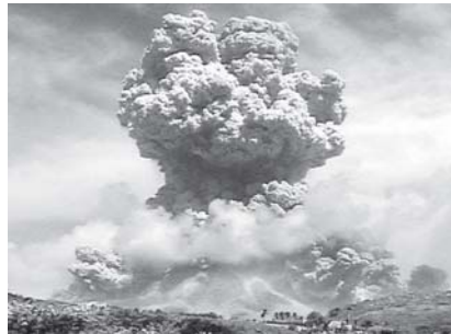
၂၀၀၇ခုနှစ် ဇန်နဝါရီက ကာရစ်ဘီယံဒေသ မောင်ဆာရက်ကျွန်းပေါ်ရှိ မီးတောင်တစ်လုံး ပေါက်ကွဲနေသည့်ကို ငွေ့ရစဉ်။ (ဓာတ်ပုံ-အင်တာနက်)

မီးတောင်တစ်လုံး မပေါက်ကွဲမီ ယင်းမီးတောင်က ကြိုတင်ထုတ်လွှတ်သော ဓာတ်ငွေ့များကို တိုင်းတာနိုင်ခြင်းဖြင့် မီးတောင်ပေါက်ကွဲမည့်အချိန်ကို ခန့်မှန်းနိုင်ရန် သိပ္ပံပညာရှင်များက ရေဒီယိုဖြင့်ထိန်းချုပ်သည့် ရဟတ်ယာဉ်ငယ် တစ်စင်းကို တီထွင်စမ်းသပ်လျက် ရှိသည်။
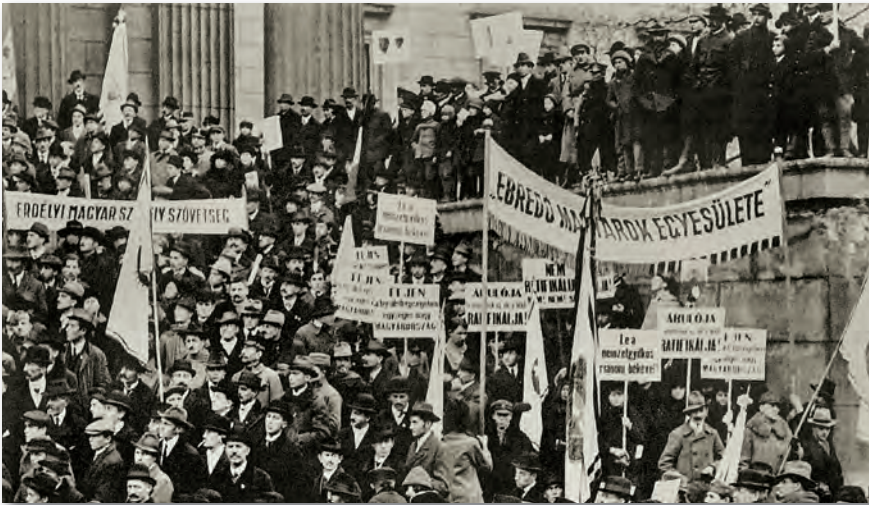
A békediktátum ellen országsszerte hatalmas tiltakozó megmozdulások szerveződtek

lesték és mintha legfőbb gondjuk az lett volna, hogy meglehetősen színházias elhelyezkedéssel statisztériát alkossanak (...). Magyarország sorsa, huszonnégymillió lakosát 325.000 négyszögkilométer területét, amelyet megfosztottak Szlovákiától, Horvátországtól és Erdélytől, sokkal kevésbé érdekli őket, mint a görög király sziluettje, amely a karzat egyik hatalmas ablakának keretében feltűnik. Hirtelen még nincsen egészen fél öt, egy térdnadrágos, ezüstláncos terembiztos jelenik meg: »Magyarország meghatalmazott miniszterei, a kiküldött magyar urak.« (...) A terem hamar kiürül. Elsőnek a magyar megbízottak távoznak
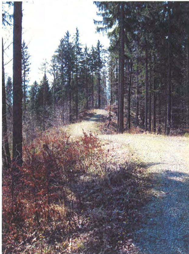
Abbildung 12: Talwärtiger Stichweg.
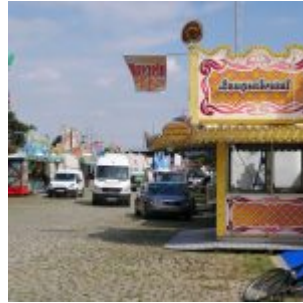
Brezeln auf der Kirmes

····················

→ What you should do: Without including any image, reproduce the full listing above as written.

→ Response below:
၂၀၀၇ခုနှစ် ဇန်နဝါရီက ကာရစ်ဘီယံဒေသ မောင်ဆာရက်ကျွန်းပေါ်ရှိ မီးတောင်တစ်လုံး ပေါက်ကွဲနေသည့်ကို ငွေ့ရစဉ်။ (ဓာတ်ပုံ-အင်တာနက်)

မီးတောင်တစ်လုံး မပေါက်ကွဲမီ ယင်းမီးတောင်က ကြိုတင်ထုတ်လွှတ်သော ဓာတ်ငွေ့များကို တိုင်းတာနိုင်ခြင်းဖြင့် မီးတောင်ပေါက်ကွဲမည့်အချိန်ကို ခန့်မှန်းနိုင်ရန် သိပ္ပံပညာရှင်များက ရေဒီယိုဖြင့်ထိန်းချုပ်သည့် ရဟတ်ယာဉ်ငယ် တစ်စင်းကို တီထွင်စမ်းသပ်လျက် ရှိသည်။
A békediktátum ellen országsszerte hatalmas tiltakozó megmozdulások szerveződtek

lesték és mintha legfőbb gondjuk az lett volna, hogy meglehetősen színházias elhelyezkedéssel statisztériát alkossanak (...). Magyarország sorsa, huszonnégymillió lakosát 325.000 négyszögkilométer területét, amelyet megfosztottak Szlovákiától, Horvátországtól és Erdélytől, sokkal kevésbé érdekli őket, mint a görög király sziluettje, amely a karzat egyik hatalmas ablakának keretében feltűnik. Hirtelen még nincsen egészen fél öt, egy térdnadrágos, ezüstláncos terembiztos jelenik meg: »Magyarország meghatalmazott miniszterei, a kiküldött magyar urak.« (...) A terem hamar kiürül. Elsőnek a magyar megbízottak távoznak
Abbildung 12: Talwärtiger Stichweg.
Brezeln auf der Kirmes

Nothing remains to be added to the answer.